Saved entries
____________________

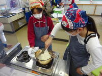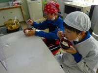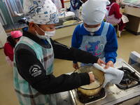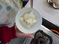 5年生の家庭科の授業で調理実習をしました。ご飯の炊き方の学習で、お米をとぎ、ガンスコンロでご飯を炊きました。みんな上手に炊きあげることができ、おいしくいただきました。おこげまで残さず食べていました。
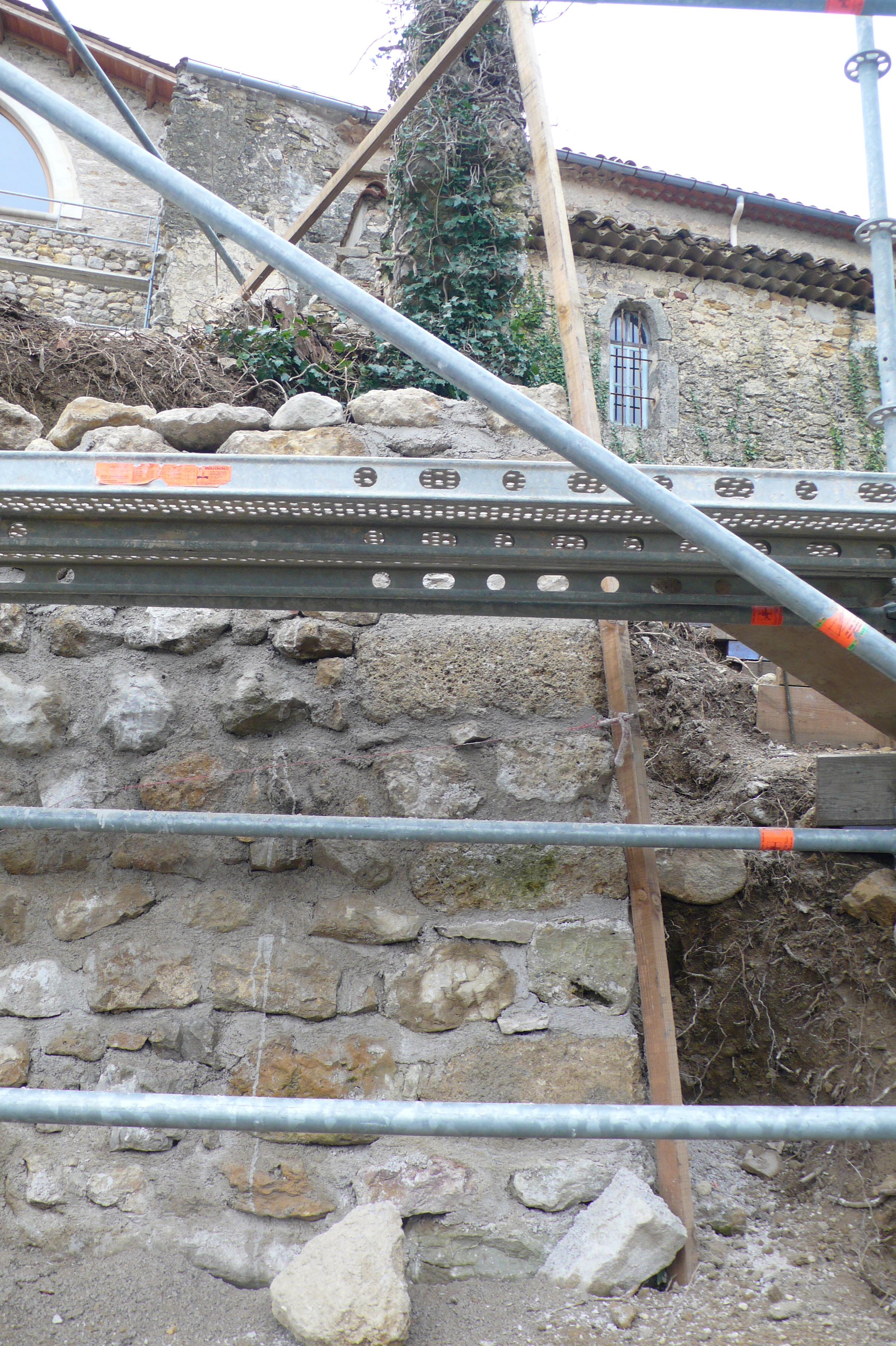 Réparation brèche en sous-oeuvre à pierre sèche – mur de soutènement Château de Clermont L’Hérault 34800
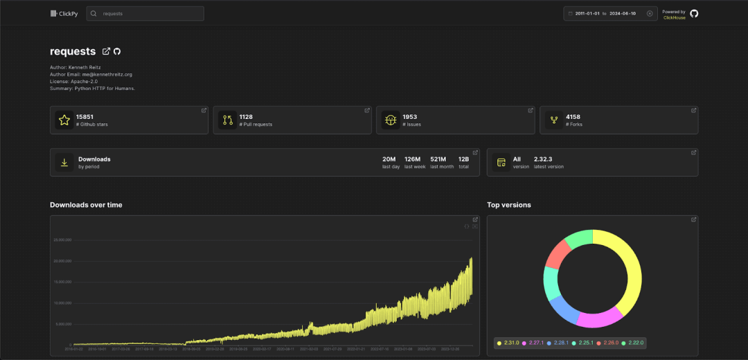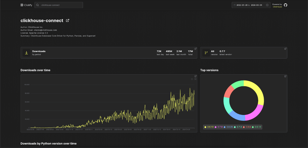 今年早些时候,我们推出了 ClickPy——一个简单的实时仪表板,用户可以查看 Python 包的下载统计信息。这个应用程序基于 PyPI 数据,每发生一次 Python 包下载就会在 ClickHouse 中生成一行记录!每次您运行 pip install,ClickHouse 就会收到一行数据!
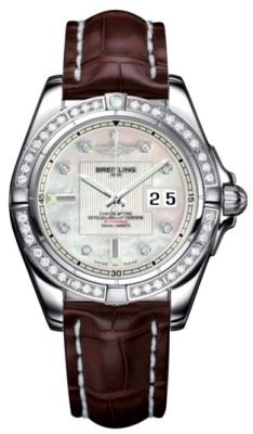Model: A49350LA/A702-CROCD - CASE = [Material:Polished Stainless Steel], [Case Diameter:41], [Case Thickness:14mm], [Bezel:Set with 40 Diamonds, Uni-Directional Rotating], [Case Back:Solid], [Water Resistant:300 Meters / 1000 Feet], [Crystal:Scratch Resistant Sapphire], DIAL = [Color:Mother of Pearl with 8 Diamond Hour Markers and Large Double Date at 3], MOVEMENT = [Type:Automatic Self Winding Chronometer], [Crown:Screw Down], BAND = [Clasp:Deployment Buckle (also available with tang buckle)], [Type:Brown Crocodile Leather], (Usually ships in 1 to 2 weeks.)
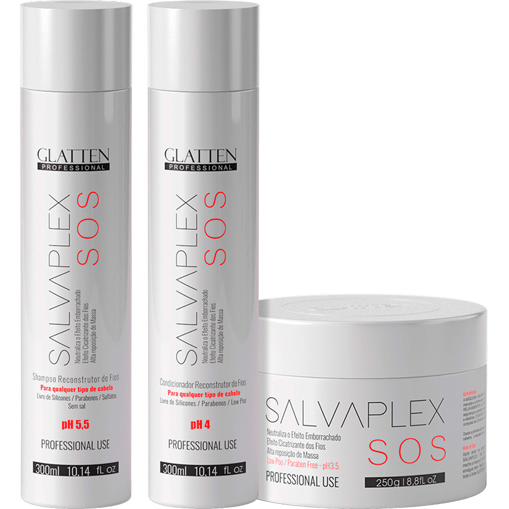 Glatten Salvaplex – Kit SOS Reconstrutor de Fios Trio (3 Produtos)
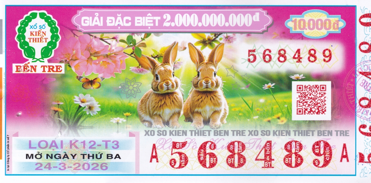 Mẫu vé kiểm tra khi đổi số trúng Bến Tre Ngày: 24/03/2026
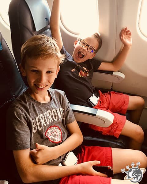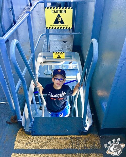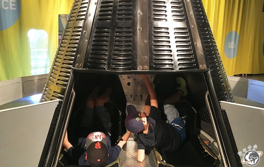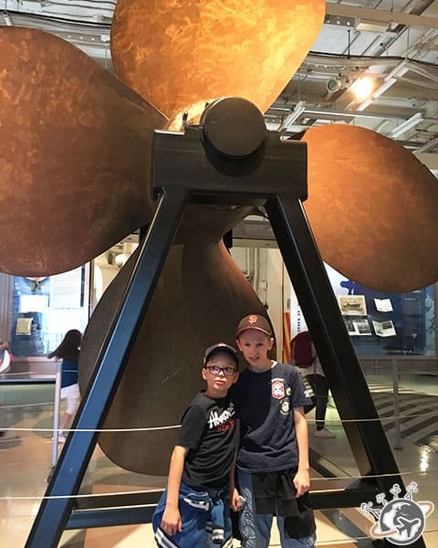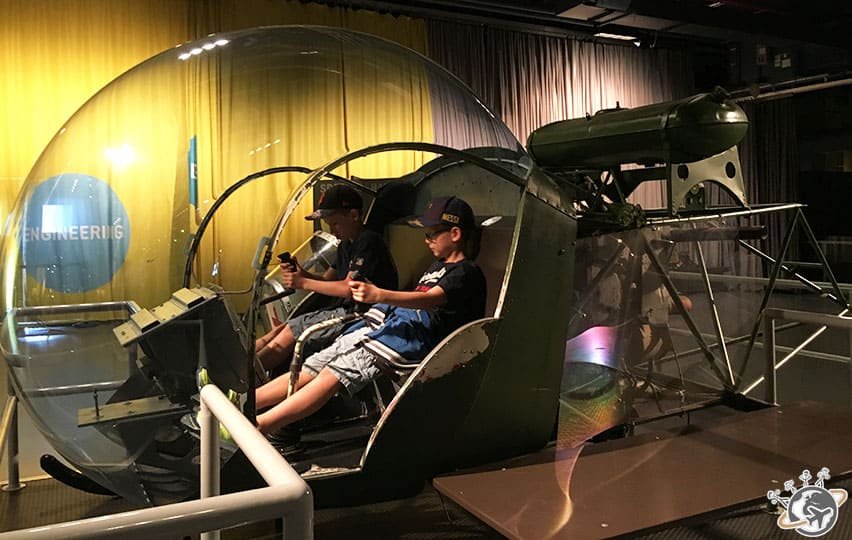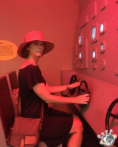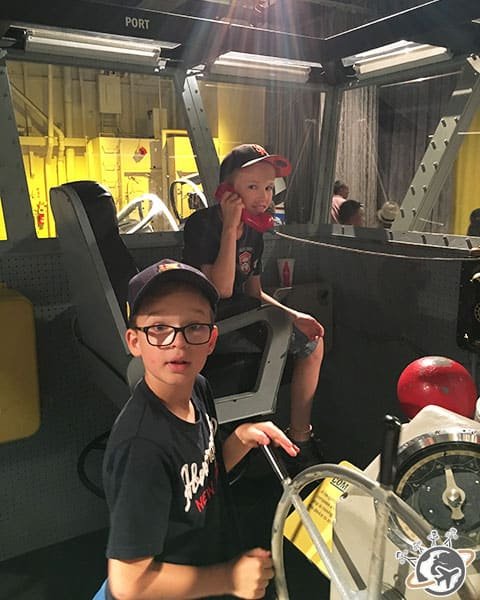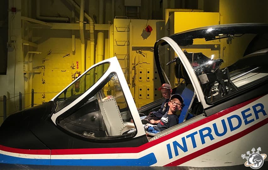 Il y avait aussi 2 capsules qui permettaient – moyennant 12 dollars – de ressentir les mouvements d’un vrai avion. Les Nains ne l’ont pas fait – je n’étais pas sûre que Petit Nain le vivrait bien – mais ils ont vu le film en 4D “Stories of Intrepid” et ont été secoués comme des pilotes. Ils n’ont pas compris ce qu’ils racontaient mais les images et les mouvements du siège suffisaient.
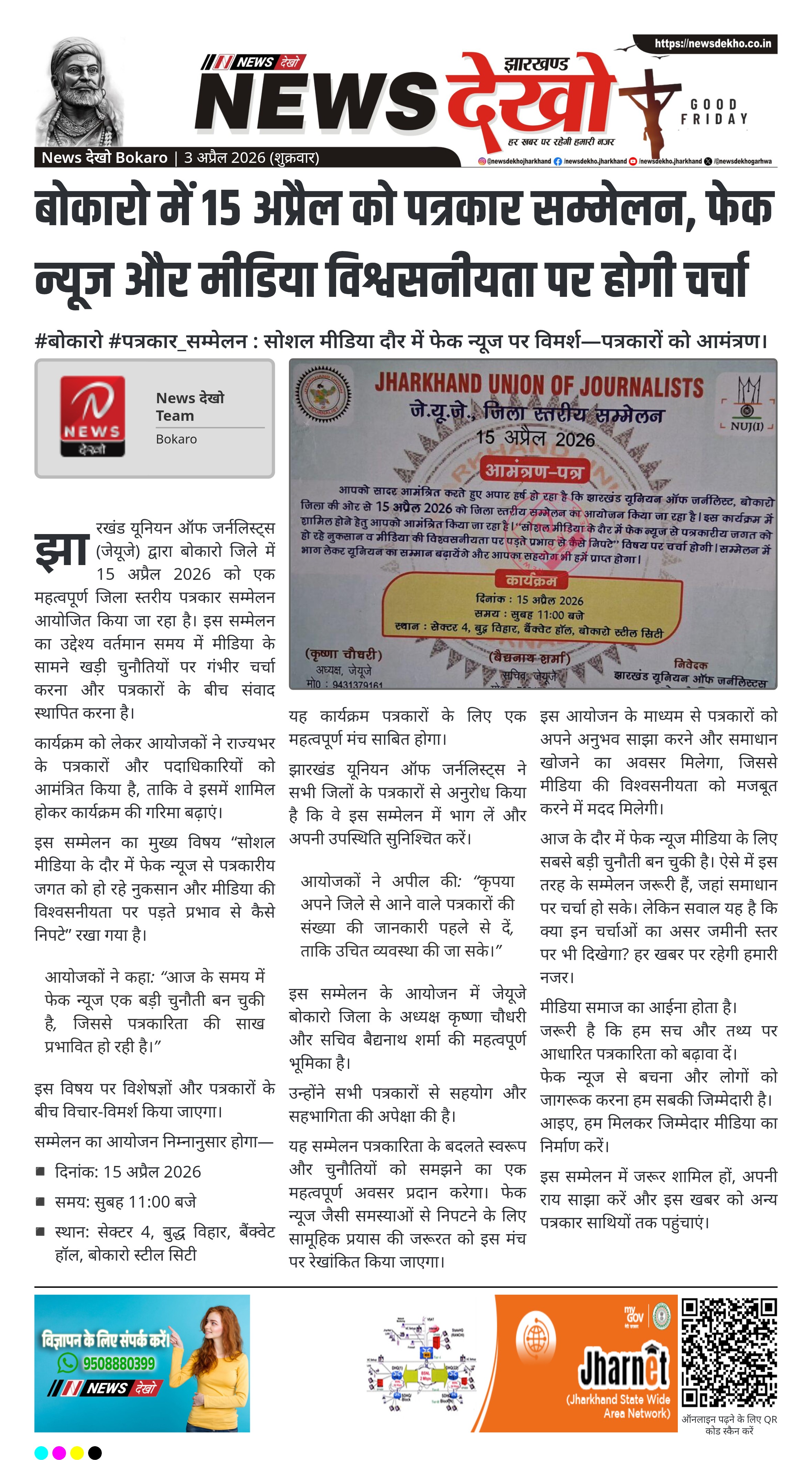 बोकारो में 15 अप्रैल 2026 को झारखंड यूनियन ऑफ जर्नलिस्ट्स द्वारा जिला स्तरीय सम्मेलन आयोजित किया जाएगा। सम्मेलन में फेक न्यूज और मीडिया की विश्वसनीयता जैसे महत्वपूर्ण विषयों पर चर्चा होगी। कार्यक्रम सेक्टर 4 बुद्ध विहार बैंक्वेट हॉल में आयोजित होगा। इसमें राज्यभर के पत्रकारों को आमंत्रित किया गया है।
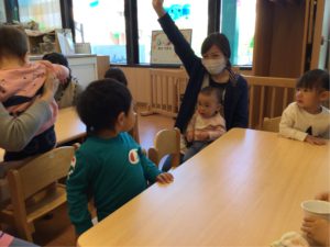 ニッコリ笑顔とおててをあげてのお返事、とっても上手だったね❣️
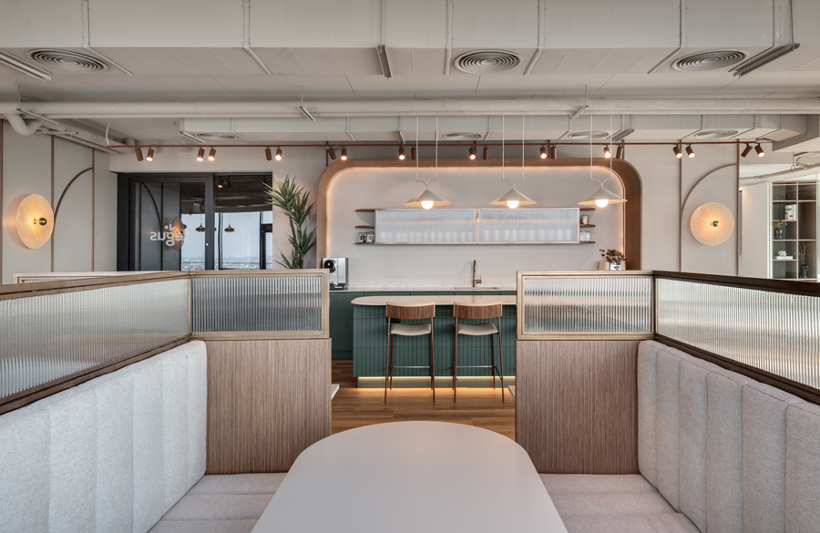 פינות הישיבה בחלל תוכננו בנגרות מיוחדת, כך שהן מאפשרות תחושת פרטיות תוך שמירה על חיבור לזרימה הכללית של החלל. הספסלים המובנים משני צדי השולחנות יוצרים ישיבה פנים אל פנים, המעודדת אינטראקציה ומתאימה לפגישות קצרות, כאשר התחושה הכללית מזכירה יותר לאונג’ או בית קפה מאשר משרד קלאסי. הפינות ממשיכות את השפה החומרית עם ריפודים בגווני שמנת ובז’, נגרות עץ בגוון טבעי ושילוב של זכוכית וטקסטיל, המאזנים בין שקיפות לאינטימיות.
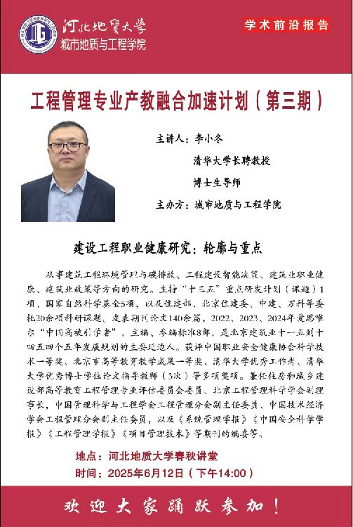2025年6月12日下午14:00,河北地质大学城市地质与工程学院在春秋讲堂开展工程管理专业产教融合加速计划(第三期)学术前沿报告。本次报告由清华大学长聘教授、博士生导师李小冬主讲,聚焦“建设工程职业健康研究:轮廓与重点”主题。

____________________

◆ **TASK DESCRIPTION**: Only the lines from the first line of the data above through the line with "Réparation brèche en" should appear in the answer, retyped exactly, with every picture left out.

◆ **SOLVED EXERCISE**:
 5年生の家庭科の授業で調理実習をしました。ご飯の炊き方の学習で、お米をとぎ、ガンスコンロでご飯を炊きました。みんな上手に炊きあげることができ、おいしくいただきました。おこげまで残さず食べていました。
 Réparation brèche en sous-oeuvre à pierre sèche – mur de soutènement Château de Clermont L’Hérault 34800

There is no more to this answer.